# 61A Homework 7

Due by 4pm on Monday, 5 March

You can grab a template for this homework either by downloading the file from the calendar or by running the following command in terminal on one of the school computers (the dot is significant: it denotes the current directory)

```cp ~cs61a/lib/hw/hw7.py .
```

Q1.

The number of partitions of a positive integer is the number of ways in which it can be expressed as the sum of positive integers in increasing order. For example, the number 5 has 7 partitions:

```5 = 5
5 = 1 + 4
5 = 2 + 3
5 = 1 + 1 + 3
5 = 1 + 2 + 2
5 = 1 + 1 + 1 + 2
5 = 1 + 1 + 1 + 1 + 1
```

Write a tree-recursive function part(n) that returns the number of partitions of n.

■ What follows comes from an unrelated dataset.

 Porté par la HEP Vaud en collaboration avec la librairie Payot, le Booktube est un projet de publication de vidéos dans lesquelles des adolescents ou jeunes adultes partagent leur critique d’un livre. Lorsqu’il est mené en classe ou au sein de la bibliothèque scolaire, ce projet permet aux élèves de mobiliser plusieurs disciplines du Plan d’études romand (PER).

Hint: Introduce a locally defined function that computes partitions of n using only a subset of the integers less than or equal to n.

```def part(n):
"""Return the number of partitions of positive integer n.

>>> part(5)
7
"""
```

Q2. A mathematical function g is defined by two cases:

```g(n) = n,                                       if n <= 3
g(n) = g(n - 1) + 2 * g(n - 2) + 3 * g(n - 3),  if n > 3
```

Write a recursive function that computes g. Then, write an iterative function, g_iter, that computes the same values.

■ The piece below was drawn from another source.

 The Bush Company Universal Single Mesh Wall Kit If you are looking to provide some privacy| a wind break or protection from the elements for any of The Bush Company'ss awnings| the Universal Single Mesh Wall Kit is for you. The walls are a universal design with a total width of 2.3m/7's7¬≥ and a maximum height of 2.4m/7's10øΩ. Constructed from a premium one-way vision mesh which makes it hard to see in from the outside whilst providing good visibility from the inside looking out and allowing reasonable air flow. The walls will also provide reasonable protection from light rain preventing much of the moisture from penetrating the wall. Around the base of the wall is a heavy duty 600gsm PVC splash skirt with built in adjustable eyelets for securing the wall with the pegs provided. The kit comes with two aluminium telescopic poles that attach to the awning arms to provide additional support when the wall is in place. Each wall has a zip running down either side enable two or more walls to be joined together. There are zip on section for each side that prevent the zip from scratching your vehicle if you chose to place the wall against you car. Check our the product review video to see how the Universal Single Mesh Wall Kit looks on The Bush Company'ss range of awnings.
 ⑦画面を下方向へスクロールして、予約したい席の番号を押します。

Q3. Write another version of the recursive g from Q2, call it g_counted, that takes the same argument n and returns a pair (i.e., a two-element tuple) containing the value of g(n) and the number of calls to g that would occur in the recursive computation of g(n) (including the initial call, so that the second element of the returned tuple is always positive). For example:

```>>> g_counted(2)
(2, 1)
>>> g_counted(4)
(10, 4)
>>> g_counted(5)
(22, 7)
```

Q4. Define a class vect that represents vectors in 2-dimensional space. You can think of vectors as being arrows in the plane having a direction and length, such as the distance and direction of one point in the plane from another. They are often represented as pairs of numbers, representing a distance in the x direction and y direction respectively. Given two vectors, v1 and v2, they can be added, subtracted, multiplied by a scalar (a number), and "dotted". We want them to behave as shown here:

```>>> v1 = vect(3, 4)
>>> v1
vect(3, 4)
>>> print(v1)
(3, 4)
>>> v1.x
3
>>> v1.y
4
>>> v1.x = 7
Traceback (most recent call last):
...
AttributeError: can't set attribute
>>> v1 * 3
vect(9, 12)
>>> 3 * v1
vect(9, 12)
>>> v2 = vect(4, -2)
>>> v1 + v2
vect(7, 2)
>>> v1 - v2
vect(-1, 6)
>>> v1 * v2             # inner product = 12 - 8
4
>>> abs(v1)             # = sqrt(3**2 + 4**2)
5.0
"""
```

You may want to consult section 3.3 of the Python reference manual.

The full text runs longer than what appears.